*Action item*.
Scan the records below for the line with "应城华茂外国语公司总董事长尹" and the line with "광복절 태극기 대신 한반도기". Repeat those two lines and every line between them exactly, and nothing else.

*Given records*.

* * *

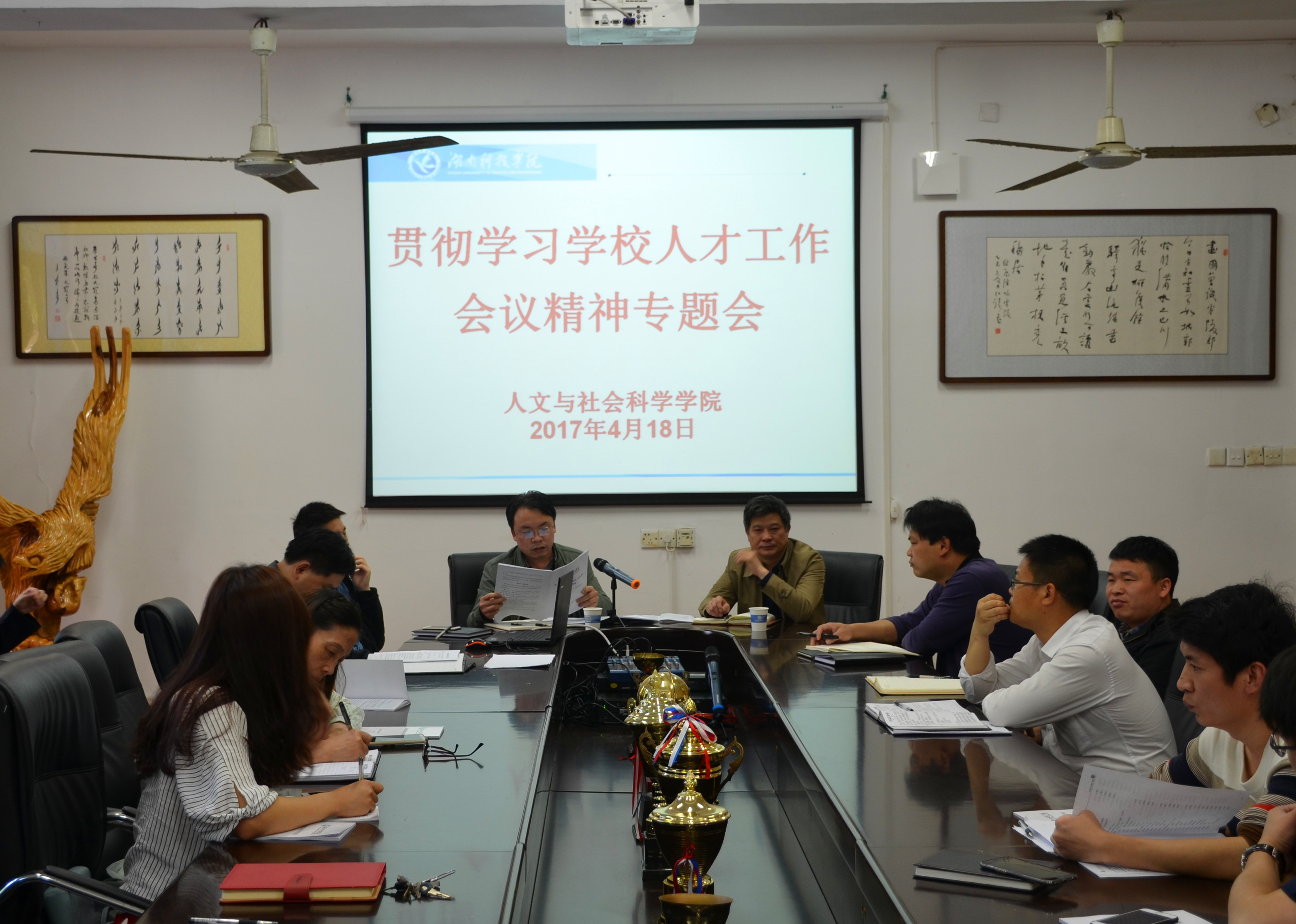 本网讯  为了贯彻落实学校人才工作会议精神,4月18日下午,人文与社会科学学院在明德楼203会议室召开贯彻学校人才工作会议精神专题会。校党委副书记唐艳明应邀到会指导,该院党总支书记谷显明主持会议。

* * *

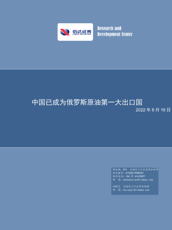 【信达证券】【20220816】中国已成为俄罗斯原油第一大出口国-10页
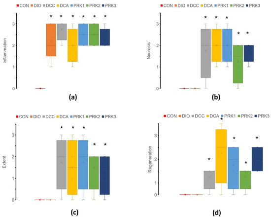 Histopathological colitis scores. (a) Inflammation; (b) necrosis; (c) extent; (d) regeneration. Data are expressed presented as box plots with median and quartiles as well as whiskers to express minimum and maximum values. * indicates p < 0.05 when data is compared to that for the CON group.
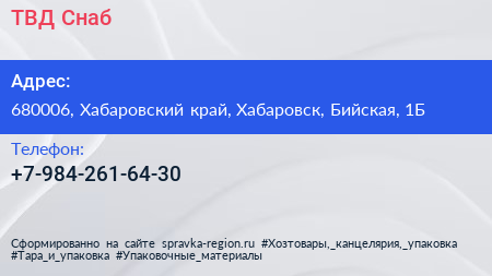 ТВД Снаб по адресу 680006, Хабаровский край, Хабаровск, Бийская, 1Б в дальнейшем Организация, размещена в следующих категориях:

* * *

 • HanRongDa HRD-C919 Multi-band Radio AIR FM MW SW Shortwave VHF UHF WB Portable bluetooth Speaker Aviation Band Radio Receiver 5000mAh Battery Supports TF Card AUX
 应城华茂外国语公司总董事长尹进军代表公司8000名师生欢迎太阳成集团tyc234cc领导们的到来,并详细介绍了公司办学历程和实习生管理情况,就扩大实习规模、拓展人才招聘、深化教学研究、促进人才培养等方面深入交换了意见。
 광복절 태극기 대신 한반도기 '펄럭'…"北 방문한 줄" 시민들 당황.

* * *

*Response box*.
 应城华茂外国语公司总董事长尹进军代表公司8000名师生欢迎太阳成集团tyc234cc领导们的到来,并详细介绍了公司办学历程和实习生管理情况,就扩大实习规模、拓展人才招聘、深化教学研究、促进人才培养等方面深入交换了意见。
 광복절 태극기 대신 한반도기 '펄럭'…"北 방문한 줄" 시민들 당황.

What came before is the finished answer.